▶ [DATASET]
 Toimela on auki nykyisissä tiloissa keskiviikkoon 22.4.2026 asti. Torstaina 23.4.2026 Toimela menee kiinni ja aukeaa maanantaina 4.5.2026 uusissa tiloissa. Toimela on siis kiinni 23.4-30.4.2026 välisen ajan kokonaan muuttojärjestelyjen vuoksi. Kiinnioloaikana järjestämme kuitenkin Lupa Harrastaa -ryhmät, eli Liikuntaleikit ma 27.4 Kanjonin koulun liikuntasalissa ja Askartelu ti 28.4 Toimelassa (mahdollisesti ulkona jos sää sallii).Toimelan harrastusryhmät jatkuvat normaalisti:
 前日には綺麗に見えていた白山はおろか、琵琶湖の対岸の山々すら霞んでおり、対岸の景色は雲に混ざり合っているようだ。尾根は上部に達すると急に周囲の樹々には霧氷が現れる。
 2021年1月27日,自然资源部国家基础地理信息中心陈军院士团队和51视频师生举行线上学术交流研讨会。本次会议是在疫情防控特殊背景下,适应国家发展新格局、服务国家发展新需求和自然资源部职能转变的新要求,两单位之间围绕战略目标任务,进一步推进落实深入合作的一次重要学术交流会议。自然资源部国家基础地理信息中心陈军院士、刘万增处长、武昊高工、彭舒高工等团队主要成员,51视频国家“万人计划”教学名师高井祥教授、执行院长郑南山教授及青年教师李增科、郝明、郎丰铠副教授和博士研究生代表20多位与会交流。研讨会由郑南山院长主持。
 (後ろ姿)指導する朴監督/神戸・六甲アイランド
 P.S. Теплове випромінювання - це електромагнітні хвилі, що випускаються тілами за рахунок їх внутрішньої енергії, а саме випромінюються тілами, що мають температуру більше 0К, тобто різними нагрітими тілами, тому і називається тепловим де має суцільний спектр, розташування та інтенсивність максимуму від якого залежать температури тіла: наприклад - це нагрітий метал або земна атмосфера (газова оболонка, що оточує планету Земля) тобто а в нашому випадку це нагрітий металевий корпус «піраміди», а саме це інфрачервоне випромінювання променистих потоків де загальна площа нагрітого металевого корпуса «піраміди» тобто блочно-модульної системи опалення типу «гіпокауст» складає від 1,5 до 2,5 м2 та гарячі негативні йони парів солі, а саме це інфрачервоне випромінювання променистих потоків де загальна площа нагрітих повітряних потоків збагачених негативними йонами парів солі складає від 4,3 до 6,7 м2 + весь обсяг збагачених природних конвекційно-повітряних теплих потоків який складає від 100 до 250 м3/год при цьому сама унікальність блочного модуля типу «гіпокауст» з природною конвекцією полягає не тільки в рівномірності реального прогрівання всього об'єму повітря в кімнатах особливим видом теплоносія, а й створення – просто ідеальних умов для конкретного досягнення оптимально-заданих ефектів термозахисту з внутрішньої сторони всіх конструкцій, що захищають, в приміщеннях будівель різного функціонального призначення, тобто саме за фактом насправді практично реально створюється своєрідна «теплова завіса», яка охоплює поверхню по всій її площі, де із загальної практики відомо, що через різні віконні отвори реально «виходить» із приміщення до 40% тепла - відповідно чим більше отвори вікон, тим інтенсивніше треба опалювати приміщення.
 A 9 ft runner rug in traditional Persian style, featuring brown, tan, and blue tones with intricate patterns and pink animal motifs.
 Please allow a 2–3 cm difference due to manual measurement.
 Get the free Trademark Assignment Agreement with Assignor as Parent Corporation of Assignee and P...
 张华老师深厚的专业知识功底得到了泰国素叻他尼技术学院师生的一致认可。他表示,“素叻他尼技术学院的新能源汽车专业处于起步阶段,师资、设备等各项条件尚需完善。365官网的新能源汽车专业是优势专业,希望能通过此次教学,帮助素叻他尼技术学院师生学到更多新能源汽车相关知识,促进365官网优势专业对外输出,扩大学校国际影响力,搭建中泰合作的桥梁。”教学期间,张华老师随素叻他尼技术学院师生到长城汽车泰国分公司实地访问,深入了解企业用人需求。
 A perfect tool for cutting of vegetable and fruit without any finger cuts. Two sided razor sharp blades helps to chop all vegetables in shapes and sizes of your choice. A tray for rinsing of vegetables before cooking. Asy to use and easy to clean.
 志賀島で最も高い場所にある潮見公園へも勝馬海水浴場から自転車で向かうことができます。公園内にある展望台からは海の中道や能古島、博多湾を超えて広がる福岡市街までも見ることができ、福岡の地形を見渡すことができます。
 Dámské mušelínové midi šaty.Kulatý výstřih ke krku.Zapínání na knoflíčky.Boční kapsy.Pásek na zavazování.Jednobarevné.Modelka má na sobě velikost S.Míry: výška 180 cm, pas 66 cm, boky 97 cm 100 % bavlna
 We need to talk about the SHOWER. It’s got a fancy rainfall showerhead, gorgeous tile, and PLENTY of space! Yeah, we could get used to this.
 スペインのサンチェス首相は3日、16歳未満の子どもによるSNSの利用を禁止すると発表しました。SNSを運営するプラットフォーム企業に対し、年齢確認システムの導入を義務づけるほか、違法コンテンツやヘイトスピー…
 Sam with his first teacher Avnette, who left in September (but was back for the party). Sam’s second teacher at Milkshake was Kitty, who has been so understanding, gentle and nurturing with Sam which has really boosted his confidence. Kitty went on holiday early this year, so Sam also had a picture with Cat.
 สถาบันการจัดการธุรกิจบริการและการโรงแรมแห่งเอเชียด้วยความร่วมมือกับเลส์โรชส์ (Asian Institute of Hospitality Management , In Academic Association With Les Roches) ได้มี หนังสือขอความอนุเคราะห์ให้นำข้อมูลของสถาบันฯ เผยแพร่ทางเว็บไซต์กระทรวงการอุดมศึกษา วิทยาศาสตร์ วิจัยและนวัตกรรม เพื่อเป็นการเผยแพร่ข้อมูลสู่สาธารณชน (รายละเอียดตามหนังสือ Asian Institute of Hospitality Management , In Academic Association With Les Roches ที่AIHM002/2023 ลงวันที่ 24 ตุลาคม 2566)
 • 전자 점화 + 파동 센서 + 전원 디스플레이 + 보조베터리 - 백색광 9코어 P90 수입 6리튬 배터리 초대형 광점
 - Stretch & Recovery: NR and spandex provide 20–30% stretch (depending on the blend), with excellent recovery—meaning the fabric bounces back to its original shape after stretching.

▶ [THE PROBLEM] All of the records go in your answer, copied exactly.

▶ [RESULT FOR THIS TASK]
 Toimela on auki nykyisissä tiloissa keskiviikkoon 22.4.2026 asti. Torstaina 23.4.2026 Toimela menee kiinni ja aukeaa maanantaina 4.5.2026 uusissa tiloissa. Toimela on siis kiinni 23.4-30.4.2026 välisen ajan kokonaan muuttojärjestelyjen vuoksi. Kiinnioloaikana järjestämme kuitenkin Lupa Harrastaa -ryhmät, eli Liikuntaleikit ma 27.4 Kanjonin koulun liikuntasalissa ja Askartelu ti 28.4 Toimelassa (mahdollisesti ulkona jos sää sallii).Toimelan harrastusryhmät jatkuvat normaalisti:
 前日には綺麗に見えていた白山はおろか、琵琶湖の対岸の山々すら霞んでおり、対岸の景色は雲に混ざり合っているようだ。尾根は上部に達すると急に周囲の樹々には霧氷が現れる。
 2021年1月27日,自然资源部国家基础地理信息中心陈军院士团队和51视频师生举行线上学术交流研讨会。本次会议是在疫情防控特殊背景下,适应国家发展新格局、服务国家发展新需求和自然资源部职能转变的新要求,两单位之间围绕战略目标任务,进一步推进落实深入合作的一次重要学术交流会议。自然资源部国家基础地理信息中心陈军院士、刘万增处长、武昊高工、彭舒高工等团队主要成员,51视频国家“万人计划”教学名师高井祥教授、执行院长郑南山教授及青年教师李增科、郝明、郎丰铠副教授和博士研究生代表20多位与会交流。研讨会由郑南山院长主持。
 (後ろ姿)指導する朴監督/神戸・六甲アイランド
 P.S. Теплове випромінювання - це електромагнітні хвилі, що випускаються тілами за рахунок їх внутрішньої енергії, а саме випромінюються тілами, що мають температуру більше 0К, тобто різними нагрітими тілами, тому і називається тепловим де має суцільний спектр, розташування та інтенсивність максимуму від якого залежать температури тіла: наприклад - це нагрітий метал або земна атмосфера (газова оболонка, що оточує планету Земля) тобто а в нашому випадку це нагрітий металевий корпус «піраміди», а саме це інфрачервоне випромінювання променистих потоків де загальна площа нагрітого металевого корпуса «піраміди» тобто блочно-модульної системи опалення типу «гіпокауст» складає від 1,5 до 2,5 м2 та гарячі негативні йони парів солі, а саме це інфрачервоне випромінювання променистих потоків де загальна площа нагрітих повітряних потоків збагачених негативними йонами парів солі складає від 4,3 до 6,7 м2 + весь обсяг збагачених природних конвекційно-повітряних теплих потоків який складає від 100 до 250 м3/год при цьому сама унікальність блочного модуля типу «гіпокауст» з природною конвекцією полягає не тільки в рівномірності реального прогрівання всього об'єму повітря в кімнатах особливим видом теплоносія, а й створення – просто ідеальних умов для конкретного досягнення оптимально-заданих ефектів термозахисту з внутрішньої сторони всіх конструкцій, що захищають, в приміщеннях будівель різного функціонального призначення, тобто саме за фактом насправді практично реально створюється своєрідна «теплова завіса», яка охоплює поверхню по всій її площі, де із загальної практики відомо, що через різні віконні отвори реально «виходить» із приміщення до 40% тепла - відповідно чим більше отвори вікон, тим інтенсивніше треба опалювати приміщення.
 A 9 ft runner rug in traditional Persian style, featuring brown, tan, and blue tones with intricate patterns and pink animal motifs.
 Please allow a 2–3 cm difference due to manual measurement.
 Get the free Trademark Assignment Agreement with Assignor as Parent Corporation of Assignee and P...
 张华老师深厚的专业知识功底得到了泰国素叻他尼技术学院师生的一致认可。他表示,“素叻他尼技术学院的新能源汽车专业处于起步阶段,师资、设备等各项条件尚需完善。365官网的新能源汽车专业是优势专业,希望能通过此次教学,帮助素叻他尼技术学院师生学到更多新能源汽车相关知识,促进365官网优势专业对外输出,扩大学校国际影响力,搭建中泰合作的桥梁。”教学期间,张华老师随素叻他尼技术学院师生到长城汽车泰国分公司实地访问,深入了解企业用人需求。
 A perfect tool for cutting of vegetable and fruit without any finger cuts. Two sided razor sharp blades helps to chop all vegetables in shapes and sizes of your choice. A tray for rinsing of vegetables before cooking. Asy to use and easy to clean.
 志賀島で最も高い場所にある潮見公園へも勝馬海水浴場から自転車で向かうことができます。公園内にある展望台からは海の中道や能古島、博多湾を超えて広がる福岡市街までも見ることができ、福岡の地形を見渡すことができます。
 Dámské mušelínové midi šaty.Kulatý výstřih ke krku.Zapínání na knoflíčky.Boční kapsy.Pásek na zavazování.Jednobarevné.Modelka má na sobě velikost S.Míry: výška 180 cm, pas 66 cm, boky 97 cm 100 % bavlna
 We need to talk about the SHOWER. It’s got a fancy rainfall showerhead, gorgeous tile, and PLENTY of space! Yeah, we could get used to this.
 スペインのサンチェス首相は3日、16歳未満の子どもによるSNSの利用を禁止すると発表しました。SNSを運営するプラットフォーム企業に対し、年齢確認システムの導入を義務づけるほか、違法コンテンツやヘイトスピー…
 Sam with his first teacher Avnette, who left in September (but was back for the party). Sam’s second teacher at Milkshake was Kitty, who has been so understanding, gentle and nurturing with Sam which has really boosted his confidence. Kitty went on holiday early this year, so Sam also had a picture with Cat.
 สถาบันการจัดการธุรกิจบริการและการโรงแรมแห่งเอเชียด้วยความร่วมมือกับเลส์โรชส์ (Asian Institute of Hospitality Management , In Academic Association With Les Roches) ได้มี หนังสือขอความอนุเคราะห์ให้นำข้อมูลของสถาบันฯ เผยแพร่ทางเว็บไซต์กระทรวงการอุดมศึกษา วิทยาศาสตร์ วิจัยและนวัตกรรม เพื่อเป็นการเผยแพร่ข้อมูลสู่สาธารณชน (รายละเอียดตามหนังสือ Asian Institute of Hospitality Management , In Academic Association With Les Roches ที่AIHM002/2023 ลงวันที่ 24 ตุลาคม 2566)
 • 전자 점화 + 파동 센서 + 전원 디스플레이 + 보조베터리 - 백색광 9코어 P90 수입 6리튬 배터리 초대형 광점
 - Stretch & Recovery: NR and spandex provide 20–30% stretch (depending on the blend), with excellent recovery—meaning the fabric bounces back to its original shape after stretching.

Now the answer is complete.